#### [Exercise instructions]
The entries below should be quoted exactly, with no pictures carried over.

#### [Data listing]
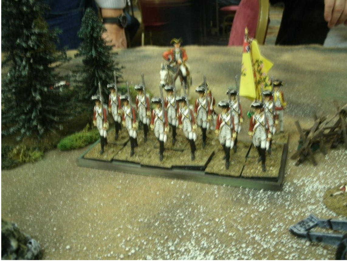
All The King's Men Demo Games-Always Colorful

Tournament Play-Great Figures, Indifferent Terrain
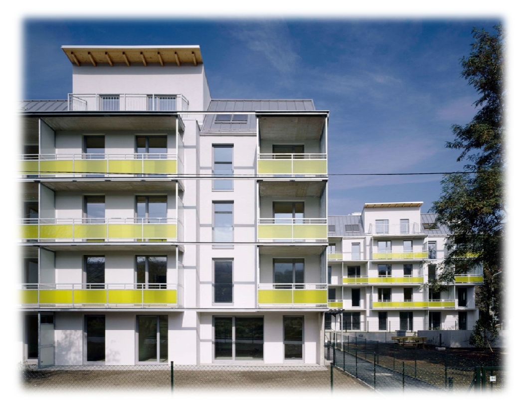
Figure 5: Vienna Utendorfgasse Passivhaus Apartment Building.

The challenge of this project was to build high-performance social housing with a very limited budget. Careful design to solve problems like thermal bridging and fire breaks on a small budget was required.
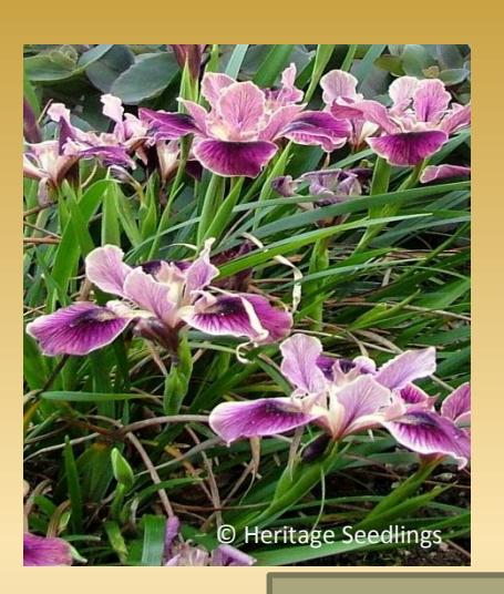
Iris Californian hybrids

Flowers are a rich palette of orange, pink, yellow and purple. Exceptionally vigorous, you can plant them in almost any low landscape border and generally forget them until they astonish you in bloom. Tolerant of dry or seasonally wet soil, they are simply delightful garden plants, and not a single one the same as the others. Inexpensive and fast to finish.

#### [Exercise response]
All The King's Men Demo Games-Always Colorful

Tournament Play-Great Figures, Indifferent Terrain
Figure 5: Vienna Utendorfgasse Passivhaus Apartment Building.

The challenge of this project was to build high-performance social housing with a very limited budget. Careful design to solve problems like thermal bridging and fire breaks on a small budget was required.
Iris Californian hybrids

Flowers are a rich palette of orange, pink, yellow and purple. Exceptionally vigorous, you can plant them in almost any low landscape border and generally forget them until they astonish you in bloom. Tolerant of dry or seasonally wet soil, they are simply delightful garden plants, and not a single one the same as the others. Inexpensive and fast to finish.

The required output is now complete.